>>

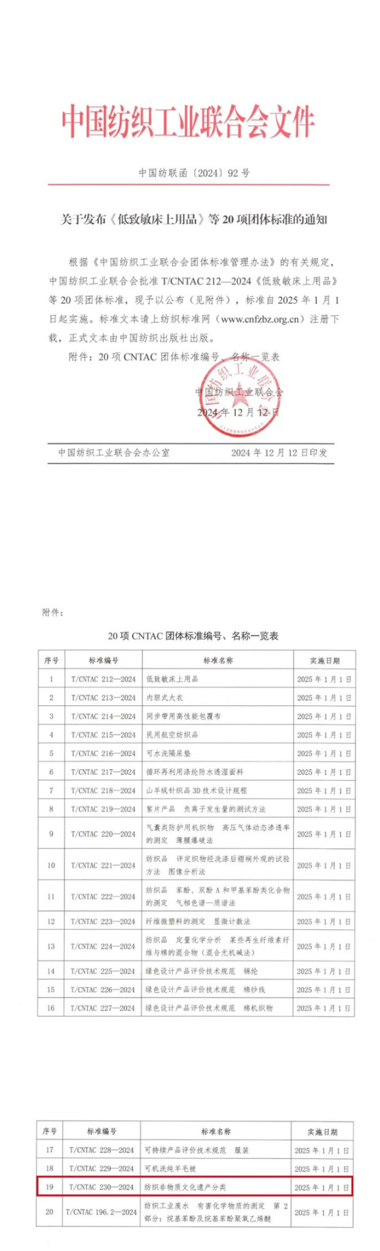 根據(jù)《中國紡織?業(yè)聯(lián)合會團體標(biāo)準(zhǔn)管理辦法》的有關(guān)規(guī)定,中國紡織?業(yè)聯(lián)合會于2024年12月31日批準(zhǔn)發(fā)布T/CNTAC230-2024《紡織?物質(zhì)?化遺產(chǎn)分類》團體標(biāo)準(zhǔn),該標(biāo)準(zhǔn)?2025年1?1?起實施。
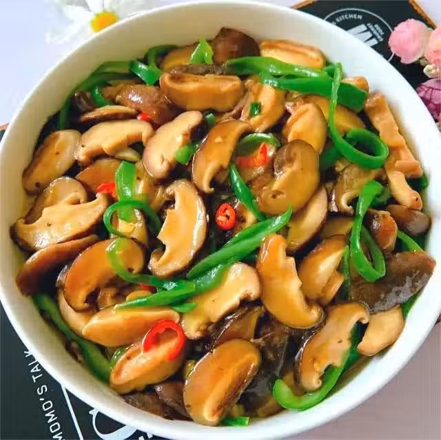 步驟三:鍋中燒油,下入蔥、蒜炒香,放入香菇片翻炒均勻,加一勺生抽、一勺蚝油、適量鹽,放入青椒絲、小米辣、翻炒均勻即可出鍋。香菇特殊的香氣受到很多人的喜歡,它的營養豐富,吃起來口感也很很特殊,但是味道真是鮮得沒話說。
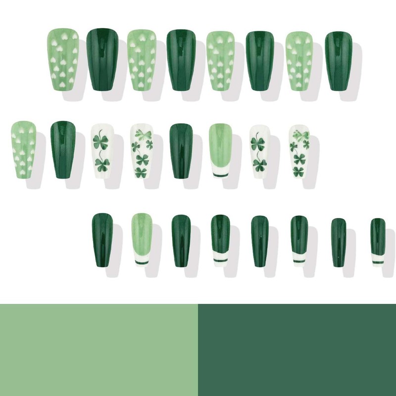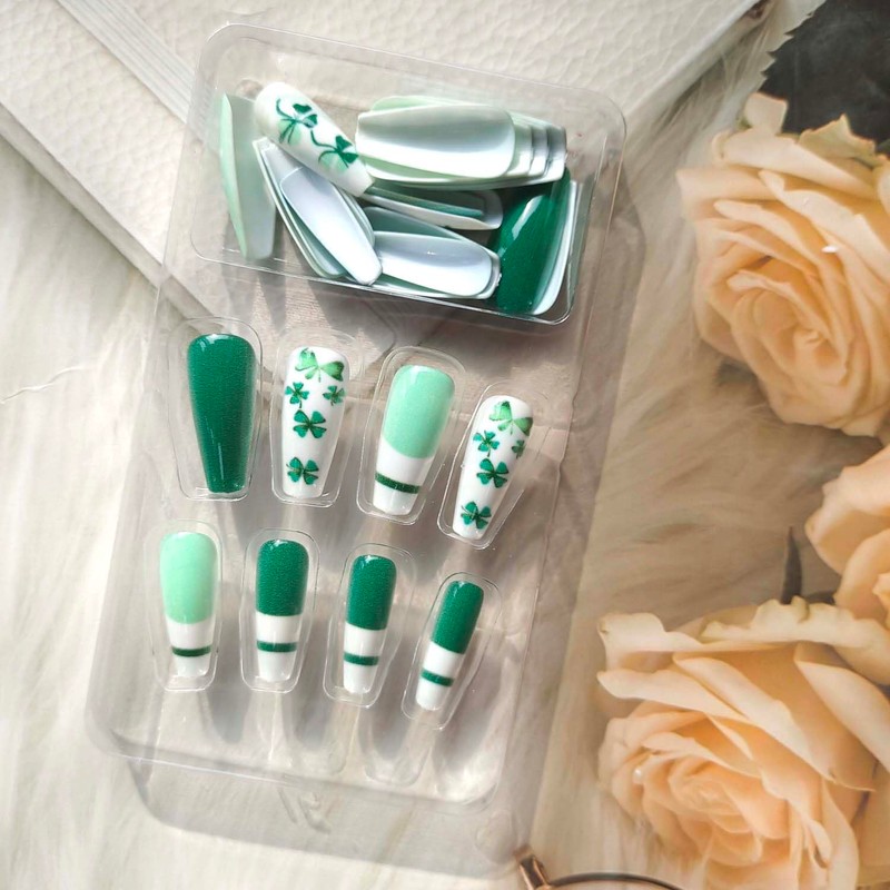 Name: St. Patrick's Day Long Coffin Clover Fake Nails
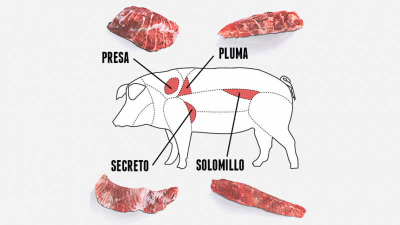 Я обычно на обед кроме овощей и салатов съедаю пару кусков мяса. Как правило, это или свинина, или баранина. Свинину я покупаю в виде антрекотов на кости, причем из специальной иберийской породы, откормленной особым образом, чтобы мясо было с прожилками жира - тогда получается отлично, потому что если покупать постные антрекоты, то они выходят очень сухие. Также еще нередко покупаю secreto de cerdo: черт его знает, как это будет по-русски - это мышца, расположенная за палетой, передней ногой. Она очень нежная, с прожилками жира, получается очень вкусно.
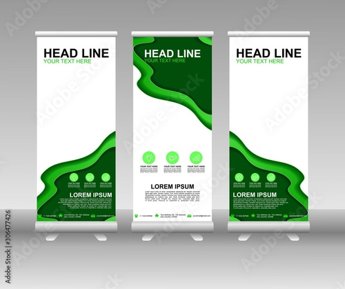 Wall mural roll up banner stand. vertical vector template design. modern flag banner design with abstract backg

<<

- [EXERCISE DETAILS] Leaving out the pictures, output the listing above exactly as given.

- [TASK SOLUTION]
 根據(jù)《中國紡織?業(yè)聯(lián)合會團體標(biāo)準(zhǔn)管理辦法》的有關(guān)規(guī)定,中國紡織?業(yè)聯(lián)合會于2024年12月31日批準(zhǔn)發(fā)布T/CNTAC230-2024《紡織?物質(zhì)?化遺產(chǎn)分類》團體標(biāo)準(zhǔn),該標(biāo)準(zhǔn)?2025年1?1?起實施。
 步驟三:鍋中燒油,下入蔥、蒜炒香,放入香菇片翻炒均勻,加一勺生抽、一勺蚝油、適量鹽,放入青椒絲、小米辣、翻炒均勻即可出鍋。香菇特殊的香氣受到很多人的喜歡,它的營養豐富,吃起來口感也很很特殊,但是味道真是鮮得沒話說。
 Name: St. Patrick's Day Long Coffin Clover Fake Nails
 Я обычно на обед кроме овощей и салатов съедаю пару кусков мяса. Как правило, это или свинина, или баранина. Свинину я покупаю в виде антрекотов на кости, причем из специальной иберийской породы, откормленной особым образом, чтобы мясо было с прожилками жира - тогда получается отлично, потому что если покупать постные антрекоты, то они выходят очень сухие. Также еще нередко покупаю secreto de cerdo: черт его знает, как это будет по-русски - это мышца, расположенная за палетой, передней ногой. Она очень нежная, с прожилками жира, получается очень вкусно.
 Wall mural roll up banner stand. vertical vector template design. modern flag banner design with abstract backg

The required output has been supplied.